**Required work**
Pictures in the data should be dropped; transcribe exactly the lines from the one that has "Au fost colectate" through the one that has "A group of men".

*** Stored data Section Begins ***

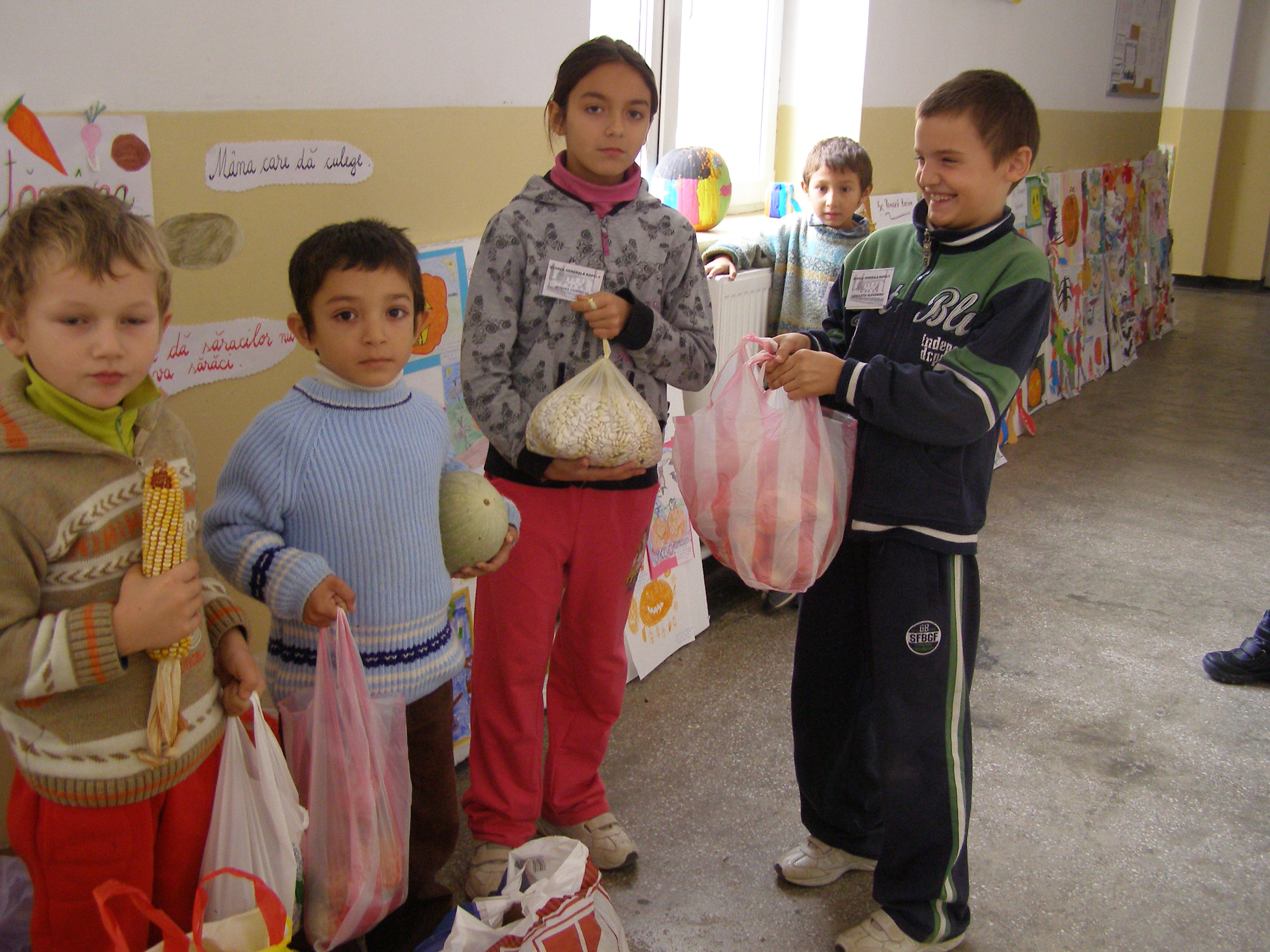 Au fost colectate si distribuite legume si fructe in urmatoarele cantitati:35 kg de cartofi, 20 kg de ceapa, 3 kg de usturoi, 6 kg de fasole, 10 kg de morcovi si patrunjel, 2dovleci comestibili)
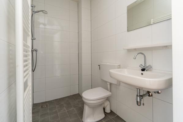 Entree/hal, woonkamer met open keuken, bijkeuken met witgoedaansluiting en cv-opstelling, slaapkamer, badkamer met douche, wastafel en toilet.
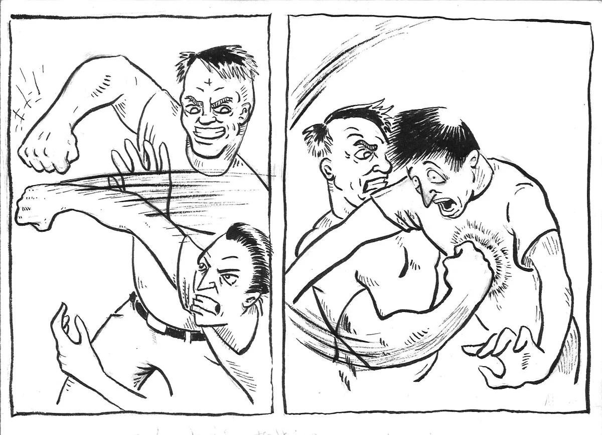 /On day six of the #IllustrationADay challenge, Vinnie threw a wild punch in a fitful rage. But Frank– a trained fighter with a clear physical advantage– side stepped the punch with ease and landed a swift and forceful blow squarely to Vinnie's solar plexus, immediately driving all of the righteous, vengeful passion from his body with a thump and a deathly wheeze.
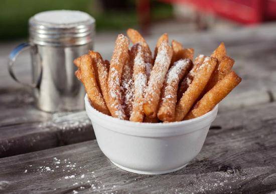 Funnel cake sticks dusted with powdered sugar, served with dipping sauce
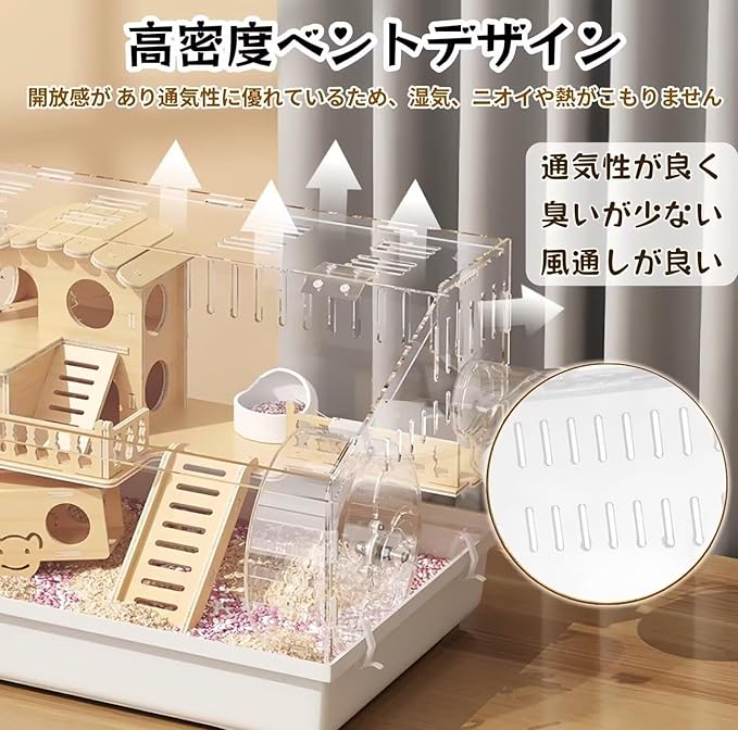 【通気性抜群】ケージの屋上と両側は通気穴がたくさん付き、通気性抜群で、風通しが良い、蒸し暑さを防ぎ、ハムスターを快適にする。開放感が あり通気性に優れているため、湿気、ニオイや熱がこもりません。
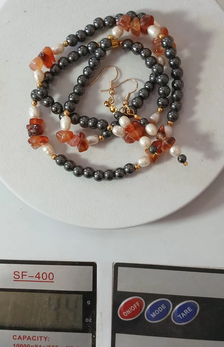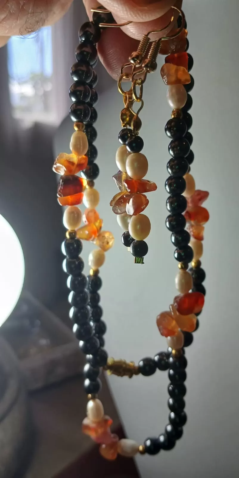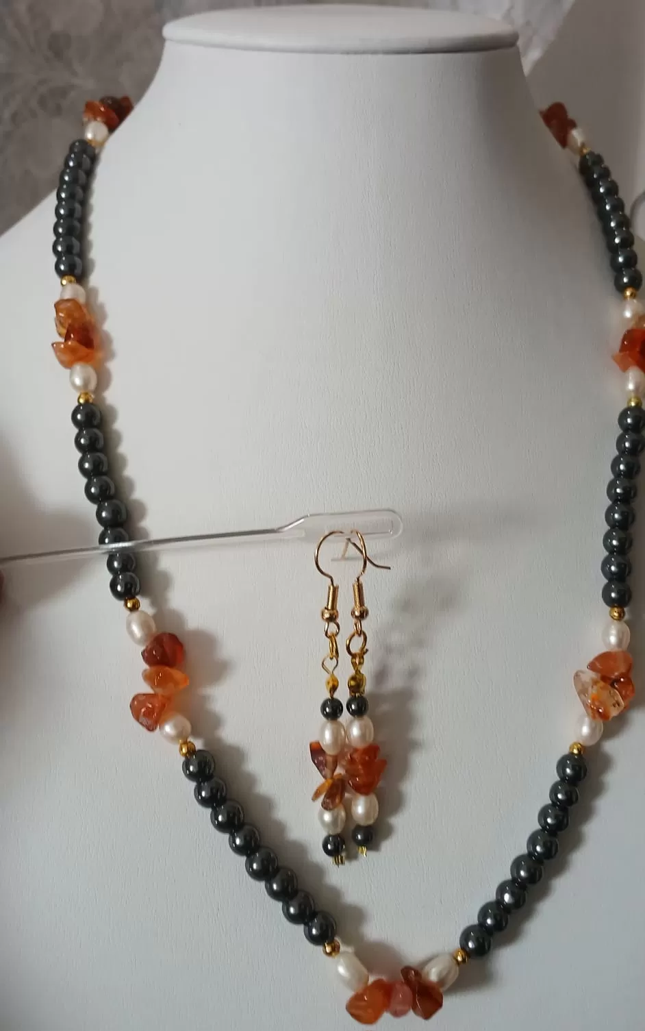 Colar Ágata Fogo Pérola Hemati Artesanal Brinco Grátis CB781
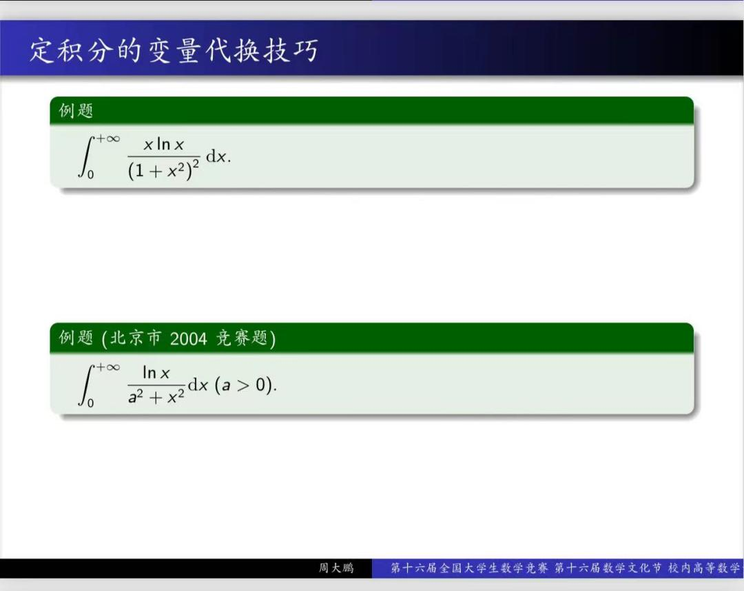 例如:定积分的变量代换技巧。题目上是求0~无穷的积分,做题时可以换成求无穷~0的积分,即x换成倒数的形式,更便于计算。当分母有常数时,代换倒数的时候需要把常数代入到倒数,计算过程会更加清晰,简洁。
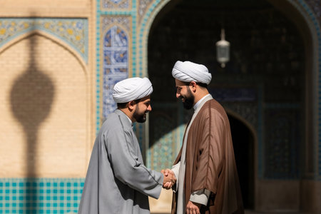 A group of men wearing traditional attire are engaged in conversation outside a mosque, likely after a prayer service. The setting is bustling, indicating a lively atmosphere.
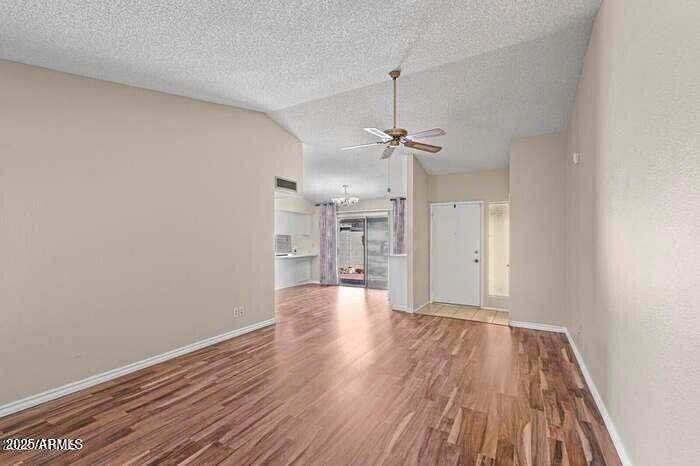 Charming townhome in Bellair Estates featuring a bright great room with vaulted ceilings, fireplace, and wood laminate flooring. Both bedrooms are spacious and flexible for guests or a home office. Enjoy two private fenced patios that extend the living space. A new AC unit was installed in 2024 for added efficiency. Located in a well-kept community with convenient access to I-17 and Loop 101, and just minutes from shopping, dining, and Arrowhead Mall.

*** Stored data Section Ends ***
*** Stored data Section Begins ***

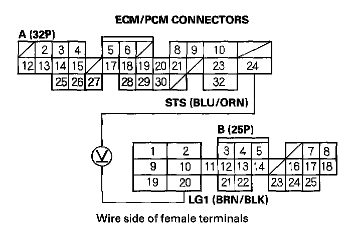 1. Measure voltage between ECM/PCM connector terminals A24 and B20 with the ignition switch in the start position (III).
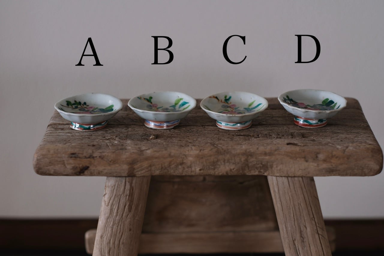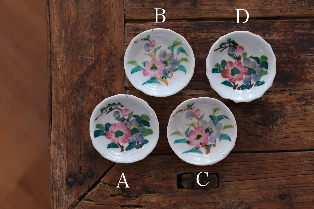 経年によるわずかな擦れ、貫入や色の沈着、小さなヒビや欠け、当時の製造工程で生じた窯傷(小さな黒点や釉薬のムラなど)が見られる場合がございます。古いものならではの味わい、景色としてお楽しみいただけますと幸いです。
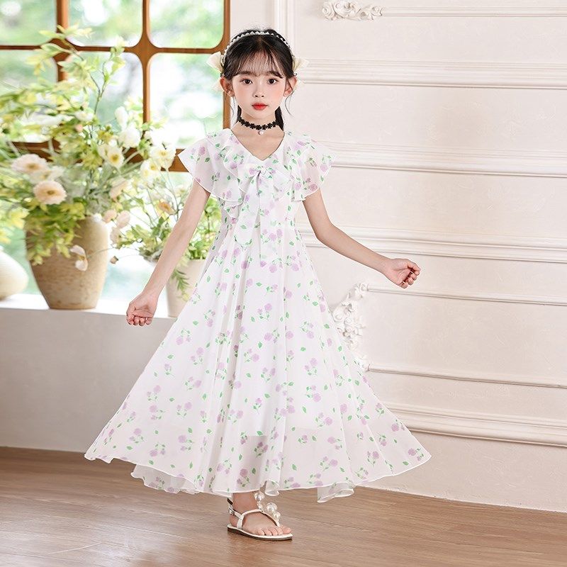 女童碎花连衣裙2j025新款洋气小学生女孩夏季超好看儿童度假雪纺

*** Stored data Section Ends ***
*** Stored data Section Begins ***

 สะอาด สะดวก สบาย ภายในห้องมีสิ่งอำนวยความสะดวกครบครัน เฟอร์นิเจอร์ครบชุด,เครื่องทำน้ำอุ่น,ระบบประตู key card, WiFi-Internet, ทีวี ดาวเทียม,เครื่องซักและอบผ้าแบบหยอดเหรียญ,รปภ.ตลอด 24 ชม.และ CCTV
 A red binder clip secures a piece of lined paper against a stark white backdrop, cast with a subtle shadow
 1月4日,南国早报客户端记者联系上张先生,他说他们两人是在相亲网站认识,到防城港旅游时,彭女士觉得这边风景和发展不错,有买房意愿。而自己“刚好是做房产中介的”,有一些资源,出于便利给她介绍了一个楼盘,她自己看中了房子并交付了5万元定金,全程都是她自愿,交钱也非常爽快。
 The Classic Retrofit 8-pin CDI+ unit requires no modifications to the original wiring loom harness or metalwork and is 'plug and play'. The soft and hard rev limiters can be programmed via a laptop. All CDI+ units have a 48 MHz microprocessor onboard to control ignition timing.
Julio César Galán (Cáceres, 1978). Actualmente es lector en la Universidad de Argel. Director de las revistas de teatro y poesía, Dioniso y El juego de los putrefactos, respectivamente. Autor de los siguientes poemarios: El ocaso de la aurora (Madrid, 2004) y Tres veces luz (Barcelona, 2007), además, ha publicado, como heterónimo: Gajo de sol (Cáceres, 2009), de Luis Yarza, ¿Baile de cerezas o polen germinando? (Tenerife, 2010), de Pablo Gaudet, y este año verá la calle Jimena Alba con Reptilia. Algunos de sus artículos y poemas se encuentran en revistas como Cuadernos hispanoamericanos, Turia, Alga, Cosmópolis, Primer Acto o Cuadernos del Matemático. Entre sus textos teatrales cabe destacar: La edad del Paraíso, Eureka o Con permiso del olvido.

*** Stored data Section Ends ***

**Answer area**
 Au fost colectate si distribuite legume si fructe in urmatoarele cantitati:35 kg de cartofi, 20 kg de ceapa, 3 kg de usturoi, 6 kg de fasole, 10 kg de morcovi si patrunjel, 2dovleci comestibili)
 Entree/hal, woonkamer met open keuken, bijkeuken met witgoedaansluiting en cv-opstelling, slaapkamer, badkamer met douche, wastafel en toilet.
 /On day six of the #IllustrationADay challenge, Vinnie threw a wild punch in a fitful rage. But Frank– a trained fighter with a clear physical advantage– side stepped the punch with ease and landed a swift and forceful blow squarely to Vinnie's solar plexus, immediately driving all of the righteous, vengeful passion from his body with a thump and a deathly wheeze.
 Funnel cake sticks dusted with powdered sugar, served with dipping sauce
 【通気性抜群】ケージの屋上と両側は通気穴がたくさん付き、通気性抜群で、風通しが良い、蒸し暑さを防ぎ、ハムスターを快適にする。開放感が あり通気性に優れているため、湿気、ニオイや熱がこもりません。
 Colar Ágata Fogo Pérola Hemati Artesanal Brinco Grátis CB781
 例如:定积分的变量代换技巧。题目上是求0~无穷的积分,做题时可以换成求无穷~0的积分,即x换成倒数的形式,更便于计算。当分母有常数时,代换倒数的时候需要把常数代入到倒数,计算过程会更加清晰,简洁。
 A group of men wearing traditional attire are engaged in conversation outside a mosque, likely after a prayer service. The setting is bustling, indicating a lively atmosphere.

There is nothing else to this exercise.